「そうですね、僕にとってのインターネットビジネスモデルとは、理論上、無限にリーチできる変動費ゼロのプラットフォームでした」。そう言って、強調するために彼は繰り返した。
「無限にリーチ。変動費ゼロ」
その言葉は、インターネットの破壊力を端的に言いあらわしていた。この20年間で最も成功したテック企業には、資本投資を最小限に抑え、ユーザー間の相互作用を促すことで価値を生み出す「プラットフォームビジネス」がいくつか挙げられる。そうしたビジネスモデルには通常、強力な「ネットワーク効果」がある。参加者が増えるほど、すべてのユーザーにとってプラットフォームの価値が高まるというわけだ。たとえば、のちにソフトバンクが出資することになるウーバーがそのいい例だ。ドライバーが増えるにつれてユーザーの待ち時間が減り、車両オプションが増えて、より多くの顧客を呼び込み、さらにドライバーが集まる。まさに典型的な「ネットワーク効果」あるいは「自己強化的なフライホイール(弾み車)効果」が生まれている。こうしたビジネスモデルのもうひとつの特徴は、「勝者総取り」の力学だ。ある時点でそのプラットフォームがすっかり定着してしまい、ライバルが取って代わることがほぼ不可能になるからだ。
唯一の後悔は資産を失ったことではなく…
「僕はかなり早い段階でそのことに気づいて、これは積極的に投資しなければならない千載一遇のチャンスだと思いました」と彼は続けた。
「唯一後悔してるのは、もっとお金があればさらに投資できたのにということですね」
なるほど。
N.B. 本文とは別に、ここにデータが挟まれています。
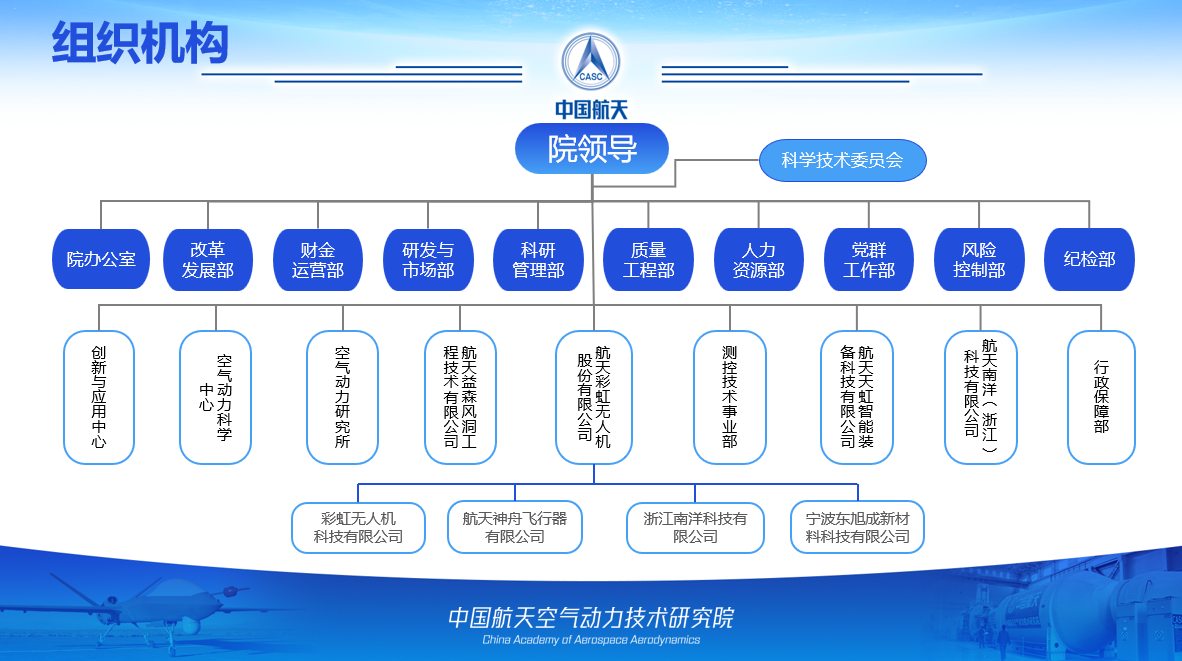 中國航天空氣動力技術研究院(簡稱:航天十一院)隸屬于中國航天科技集團有限公司,于1956年在錢學森先生倡導下創建,是我國第一個大型航天空氣動力研究與試驗基地。 經過60余年的發展,逐步形成了空氣動力學、特種飛行器、航天技術應用產業三大主業協同并進的新發展格局。

まるでイカロス〔ギリシャ神話に登場する優れた工匠ダイダロスの息子。父親が鳥の羽と蝋で作った翼で空を飛び、太陽に近づきすぎたために蝋が溶けて海に墜落する〕が太陽にもっと近づけばよかったと言っているようなものだ。
2000年2月、ソフトバンクの企業価値はピークに達し、2000億ドル近くにのぼった。
ところがバブルがはじけると、その株価と孫個人の純資産は95パーセントも減少し、彼の名は「史上最大の個人資産の損失」によってギネスブックに載ることとなった。590億ドルもの紙上の富(金融資産)の喪失。この記録は20年以上にもわたって破られなかったが、2022年になってようやくイーロン・マスクが更新した(ただしマスクはその後、半年で大半を回収している)。
並の人間なら、意図的にしろ、そうでなかったにしろ、利益を確定せずに株をもちつづけてしまった決断に苛まれるところだ。だが孫の場合は、“並”であることこそが最大の屈辱だった。